This delicious, customisable dump-and-go Thai curry recipe is simple! Make your favourite curry recipes year-round with your favourite curry paste, vegetables, and proteins!
INGREDIENT
– 2 lbs chicken breasts chopped– 2 (15-oz) cans full-fat coconut milk– 1 yellow onion diced– 6 cloves garlic minced– 1 Tbsp fresh ginger minced– 5 Tbsp red curry paste– 1 Tbsp fish sauce– 2 Tbsp pure maple syrup to taste– 1 Tbsp rice vinegar– 1 tsp sea salt to tasteOptional Additions:– 2 large carrots chopped– 1 medium-sized zucchini chopped– 1 small head broccoli chopped
INSTRUCTIONS
Crock pot chicken should be cut into bite-sized pieces on a cutting board. Add coconut milk, onion, garlic, ginger, red curry paste, fish sauce, pure maple syrup, rice vinegar, and sea salt and stir.
Step 1
The unmixed curry paste and coconut milk will dissolve during cooking.
Step 2
Cover the crock pot and cook on high for 4 hours or low for 6–8.Add vegetables an hour before curry cooking. Add vegetables 1.5–2 hours before cooking to soften.
Step 3
Serve red curry chicken with steamed brown, jasmine, or white rice and enjoy!
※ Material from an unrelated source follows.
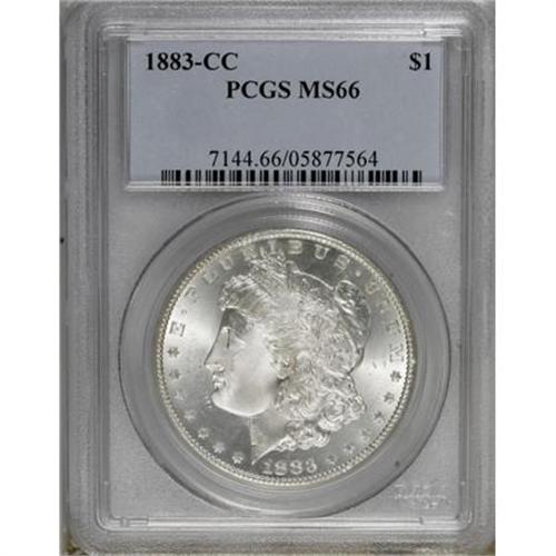 <B>1883-CC $1 MS66 PCGS.</B></I> Sharply struck with mild contrast between the mildly frosted devices and the flashy, appreciably reflective fields. Whispers of silver-gray haze visit the margins of this delightful Carson City dollar.<BR><BR><B>Coin Engraver:</B> George T. Morgan<BR><BR><b>Shipping:</b> Coins & Currency (<a target="_blank" href="http://www.heritageauctions.com/common/shipping.php">view shipping information</a>)

Serve cauliflower rice for low-carb. Love Thai basil? Stir it into the curry right before serving. Add fresh cilantro to this healthy meal.
Step 4
When curry cools, red curry sauce thickens. To thicken sauce quickly, add 1–3 tablespoons tapioca flour, gluten-free all-purpose flour, or cornflour.